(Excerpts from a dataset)
------------------------------------------------

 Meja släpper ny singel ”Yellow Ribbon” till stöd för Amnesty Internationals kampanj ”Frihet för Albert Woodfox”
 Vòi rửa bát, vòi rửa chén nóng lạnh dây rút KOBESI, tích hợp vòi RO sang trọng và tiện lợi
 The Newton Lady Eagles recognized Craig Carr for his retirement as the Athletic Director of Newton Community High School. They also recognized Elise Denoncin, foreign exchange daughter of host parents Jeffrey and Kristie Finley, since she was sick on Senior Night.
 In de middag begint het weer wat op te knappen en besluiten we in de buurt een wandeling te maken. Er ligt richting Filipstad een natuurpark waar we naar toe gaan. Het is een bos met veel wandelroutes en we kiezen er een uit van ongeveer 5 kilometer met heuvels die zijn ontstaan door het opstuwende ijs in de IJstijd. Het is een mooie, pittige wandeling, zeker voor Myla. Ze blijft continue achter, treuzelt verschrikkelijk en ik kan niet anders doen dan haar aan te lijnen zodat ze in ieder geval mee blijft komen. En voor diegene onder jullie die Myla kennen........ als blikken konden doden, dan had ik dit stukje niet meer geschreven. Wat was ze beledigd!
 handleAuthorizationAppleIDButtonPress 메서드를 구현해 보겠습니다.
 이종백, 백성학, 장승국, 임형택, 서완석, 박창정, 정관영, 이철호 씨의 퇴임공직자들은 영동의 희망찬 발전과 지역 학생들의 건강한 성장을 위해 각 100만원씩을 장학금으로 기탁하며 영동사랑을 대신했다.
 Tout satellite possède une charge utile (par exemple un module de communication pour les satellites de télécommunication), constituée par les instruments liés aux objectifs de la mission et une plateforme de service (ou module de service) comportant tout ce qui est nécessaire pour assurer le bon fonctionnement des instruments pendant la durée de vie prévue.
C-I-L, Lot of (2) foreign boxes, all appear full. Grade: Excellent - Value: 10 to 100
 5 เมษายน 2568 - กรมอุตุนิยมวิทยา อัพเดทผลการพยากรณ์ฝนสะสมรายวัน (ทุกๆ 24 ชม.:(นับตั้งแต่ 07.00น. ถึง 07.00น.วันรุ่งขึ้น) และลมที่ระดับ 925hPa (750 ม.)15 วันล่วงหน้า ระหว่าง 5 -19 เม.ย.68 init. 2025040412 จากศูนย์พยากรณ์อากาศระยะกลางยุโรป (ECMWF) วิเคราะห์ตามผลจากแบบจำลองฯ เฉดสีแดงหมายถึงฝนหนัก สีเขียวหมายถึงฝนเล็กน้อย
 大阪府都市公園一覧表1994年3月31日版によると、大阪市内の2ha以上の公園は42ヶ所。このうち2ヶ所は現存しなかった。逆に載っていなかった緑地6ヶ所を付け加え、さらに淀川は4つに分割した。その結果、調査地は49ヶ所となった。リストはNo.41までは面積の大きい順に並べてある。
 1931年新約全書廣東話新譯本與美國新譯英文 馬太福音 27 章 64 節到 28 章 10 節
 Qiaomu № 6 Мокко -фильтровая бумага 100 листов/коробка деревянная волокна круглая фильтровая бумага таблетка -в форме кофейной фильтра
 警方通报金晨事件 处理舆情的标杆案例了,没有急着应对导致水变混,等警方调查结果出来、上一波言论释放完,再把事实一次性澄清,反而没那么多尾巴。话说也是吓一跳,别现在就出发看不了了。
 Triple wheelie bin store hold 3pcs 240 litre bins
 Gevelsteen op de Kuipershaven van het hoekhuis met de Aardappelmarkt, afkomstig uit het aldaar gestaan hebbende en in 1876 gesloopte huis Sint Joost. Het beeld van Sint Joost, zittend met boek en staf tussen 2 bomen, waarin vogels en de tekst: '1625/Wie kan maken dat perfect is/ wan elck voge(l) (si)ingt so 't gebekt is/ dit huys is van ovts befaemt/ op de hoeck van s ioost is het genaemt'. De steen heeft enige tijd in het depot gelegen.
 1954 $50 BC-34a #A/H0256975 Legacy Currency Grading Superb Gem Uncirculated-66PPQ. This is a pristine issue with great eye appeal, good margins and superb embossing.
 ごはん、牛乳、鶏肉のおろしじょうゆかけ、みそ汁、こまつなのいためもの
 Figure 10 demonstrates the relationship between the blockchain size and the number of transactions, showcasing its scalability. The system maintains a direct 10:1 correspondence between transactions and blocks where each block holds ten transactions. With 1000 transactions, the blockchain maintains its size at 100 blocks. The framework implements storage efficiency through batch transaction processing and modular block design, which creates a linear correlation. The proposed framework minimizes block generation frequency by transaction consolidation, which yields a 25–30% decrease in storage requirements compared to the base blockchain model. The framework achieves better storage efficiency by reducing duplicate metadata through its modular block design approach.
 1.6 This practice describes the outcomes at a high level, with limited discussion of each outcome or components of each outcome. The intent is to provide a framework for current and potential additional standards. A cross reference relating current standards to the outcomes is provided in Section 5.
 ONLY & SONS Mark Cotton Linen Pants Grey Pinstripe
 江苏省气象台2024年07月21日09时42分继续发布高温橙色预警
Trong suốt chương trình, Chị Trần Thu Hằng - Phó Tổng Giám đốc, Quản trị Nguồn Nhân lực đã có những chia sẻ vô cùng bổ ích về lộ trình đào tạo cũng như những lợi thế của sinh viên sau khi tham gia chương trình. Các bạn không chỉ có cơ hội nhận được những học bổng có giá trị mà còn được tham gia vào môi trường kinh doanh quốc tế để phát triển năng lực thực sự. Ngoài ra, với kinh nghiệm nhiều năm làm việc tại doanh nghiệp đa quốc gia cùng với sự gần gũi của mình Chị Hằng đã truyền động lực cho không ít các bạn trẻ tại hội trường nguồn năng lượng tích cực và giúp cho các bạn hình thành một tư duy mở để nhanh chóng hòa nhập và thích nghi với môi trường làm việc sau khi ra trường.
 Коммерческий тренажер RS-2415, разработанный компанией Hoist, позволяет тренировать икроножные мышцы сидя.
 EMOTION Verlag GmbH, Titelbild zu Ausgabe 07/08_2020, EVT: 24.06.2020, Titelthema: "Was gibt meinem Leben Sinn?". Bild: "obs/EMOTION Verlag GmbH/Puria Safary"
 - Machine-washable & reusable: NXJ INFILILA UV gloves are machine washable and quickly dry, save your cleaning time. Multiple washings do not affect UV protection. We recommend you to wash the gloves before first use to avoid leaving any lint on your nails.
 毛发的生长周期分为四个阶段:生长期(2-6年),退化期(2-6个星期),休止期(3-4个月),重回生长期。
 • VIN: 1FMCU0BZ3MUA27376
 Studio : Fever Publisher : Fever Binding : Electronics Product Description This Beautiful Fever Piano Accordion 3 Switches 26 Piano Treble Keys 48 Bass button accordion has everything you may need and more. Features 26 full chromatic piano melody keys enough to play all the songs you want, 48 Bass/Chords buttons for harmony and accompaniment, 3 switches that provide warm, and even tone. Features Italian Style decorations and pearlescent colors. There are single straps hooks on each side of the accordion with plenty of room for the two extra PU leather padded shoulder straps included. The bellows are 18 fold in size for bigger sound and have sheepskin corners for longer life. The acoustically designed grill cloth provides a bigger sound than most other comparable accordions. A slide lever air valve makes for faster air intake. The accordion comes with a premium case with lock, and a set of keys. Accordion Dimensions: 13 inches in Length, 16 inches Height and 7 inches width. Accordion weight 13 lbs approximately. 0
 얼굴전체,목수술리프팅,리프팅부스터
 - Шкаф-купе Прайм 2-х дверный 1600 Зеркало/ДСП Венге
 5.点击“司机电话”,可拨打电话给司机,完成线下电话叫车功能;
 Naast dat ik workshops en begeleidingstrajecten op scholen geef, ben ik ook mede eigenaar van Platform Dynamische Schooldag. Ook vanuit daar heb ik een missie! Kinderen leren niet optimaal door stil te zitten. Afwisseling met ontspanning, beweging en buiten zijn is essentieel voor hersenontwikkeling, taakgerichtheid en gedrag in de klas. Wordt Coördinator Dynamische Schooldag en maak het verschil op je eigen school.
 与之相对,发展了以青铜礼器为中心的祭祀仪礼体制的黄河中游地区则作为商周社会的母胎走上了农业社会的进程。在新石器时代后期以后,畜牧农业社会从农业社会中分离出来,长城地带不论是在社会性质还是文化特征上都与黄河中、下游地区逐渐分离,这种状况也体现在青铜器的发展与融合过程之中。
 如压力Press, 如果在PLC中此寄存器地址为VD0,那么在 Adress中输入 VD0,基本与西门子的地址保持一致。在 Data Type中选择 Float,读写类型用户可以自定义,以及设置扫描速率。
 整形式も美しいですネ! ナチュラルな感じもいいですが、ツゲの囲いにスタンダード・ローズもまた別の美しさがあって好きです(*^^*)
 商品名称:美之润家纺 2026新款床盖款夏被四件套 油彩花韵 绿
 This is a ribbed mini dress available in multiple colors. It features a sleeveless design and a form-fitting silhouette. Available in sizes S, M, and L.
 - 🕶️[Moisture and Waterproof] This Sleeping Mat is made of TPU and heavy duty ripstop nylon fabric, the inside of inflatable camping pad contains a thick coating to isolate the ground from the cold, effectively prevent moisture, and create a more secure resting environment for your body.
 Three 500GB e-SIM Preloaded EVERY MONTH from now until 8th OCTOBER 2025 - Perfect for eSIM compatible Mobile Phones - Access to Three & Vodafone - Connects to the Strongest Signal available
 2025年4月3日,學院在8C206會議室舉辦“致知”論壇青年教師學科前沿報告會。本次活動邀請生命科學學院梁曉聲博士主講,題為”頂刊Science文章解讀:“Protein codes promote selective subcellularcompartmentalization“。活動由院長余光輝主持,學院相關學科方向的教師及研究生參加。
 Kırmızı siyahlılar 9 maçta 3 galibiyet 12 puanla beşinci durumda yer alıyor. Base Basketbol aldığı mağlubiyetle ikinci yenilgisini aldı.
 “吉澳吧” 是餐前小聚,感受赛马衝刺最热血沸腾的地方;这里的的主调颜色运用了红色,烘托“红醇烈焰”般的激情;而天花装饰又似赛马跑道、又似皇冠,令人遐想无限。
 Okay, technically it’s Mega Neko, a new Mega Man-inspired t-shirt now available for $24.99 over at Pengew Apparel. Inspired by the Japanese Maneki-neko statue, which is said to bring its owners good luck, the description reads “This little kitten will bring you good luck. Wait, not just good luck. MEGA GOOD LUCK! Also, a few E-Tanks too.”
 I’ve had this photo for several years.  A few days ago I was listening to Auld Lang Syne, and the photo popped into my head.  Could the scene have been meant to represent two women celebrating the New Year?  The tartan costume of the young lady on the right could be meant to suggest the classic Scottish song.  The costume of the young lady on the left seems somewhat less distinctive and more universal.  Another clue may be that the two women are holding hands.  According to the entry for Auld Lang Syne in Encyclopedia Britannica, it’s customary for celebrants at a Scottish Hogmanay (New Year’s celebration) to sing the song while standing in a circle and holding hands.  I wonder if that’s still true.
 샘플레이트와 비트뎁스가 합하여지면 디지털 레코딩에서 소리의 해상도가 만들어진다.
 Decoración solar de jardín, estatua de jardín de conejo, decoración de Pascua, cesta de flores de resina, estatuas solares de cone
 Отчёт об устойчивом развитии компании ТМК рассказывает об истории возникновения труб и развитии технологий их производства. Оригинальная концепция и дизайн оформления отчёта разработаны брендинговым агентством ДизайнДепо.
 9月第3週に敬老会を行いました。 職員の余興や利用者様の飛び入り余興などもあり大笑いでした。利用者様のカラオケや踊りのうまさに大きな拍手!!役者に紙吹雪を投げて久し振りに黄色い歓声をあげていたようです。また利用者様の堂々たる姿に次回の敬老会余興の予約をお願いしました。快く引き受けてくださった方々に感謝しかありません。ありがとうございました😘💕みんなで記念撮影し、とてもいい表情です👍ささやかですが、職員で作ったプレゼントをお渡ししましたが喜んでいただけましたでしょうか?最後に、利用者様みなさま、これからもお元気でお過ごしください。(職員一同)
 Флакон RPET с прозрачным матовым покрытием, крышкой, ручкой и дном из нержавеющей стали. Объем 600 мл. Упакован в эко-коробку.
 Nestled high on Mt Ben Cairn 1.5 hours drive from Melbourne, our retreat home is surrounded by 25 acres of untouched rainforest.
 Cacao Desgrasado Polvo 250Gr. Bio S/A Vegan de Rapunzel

------------------------------------------------

- [TASK REQUIREMENTS]: Beginning at the line with "codes promote selective" and ending at the line with "Okay, technically it’s", reproduce each line of the data above exactly, and add no other lines.

- [WRITTEN SOLUTION]:
 2025年4月3日,學院在8C206會議室舉辦“致知”論壇青年教師學科前沿報告會。本次活動邀請生命科學學院梁曉聲博士主講,題為”頂刊Science文章解讀:“Protein codes promote selective subcellularcompartmentalization“。活動由院長余光輝主持,學院相關學科方向的教師及研究生參加。
 Kırmızı siyahlılar 9 maçta 3 galibiyet 12 puanla beşinci durumda yer alıyor. Base Basketbol aldığı mağlubiyetle ikinci yenilgisini aldı.
 “吉澳吧” 是餐前小聚,感受赛马衝刺最热血沸腾的地方;这里的的主调颜色运用了红色,烘托“红醇烈焰”般的激情;而天花装饰又似赛马跑道、又似皇冠,令人遐想无限。
 Okay, technically it’s Mega Neko, a new Mega Man-inspired t-shirt now available for $24.99 over at Pengew Apparel. Inspired by the Japanese Maneki-neko statue, which is said to bring its owners good luck, the description reads “This little kitten will bring you good luck. Wait, not just good luck. MEGA GOOD LUCK! Also, a few E-Tanks too.”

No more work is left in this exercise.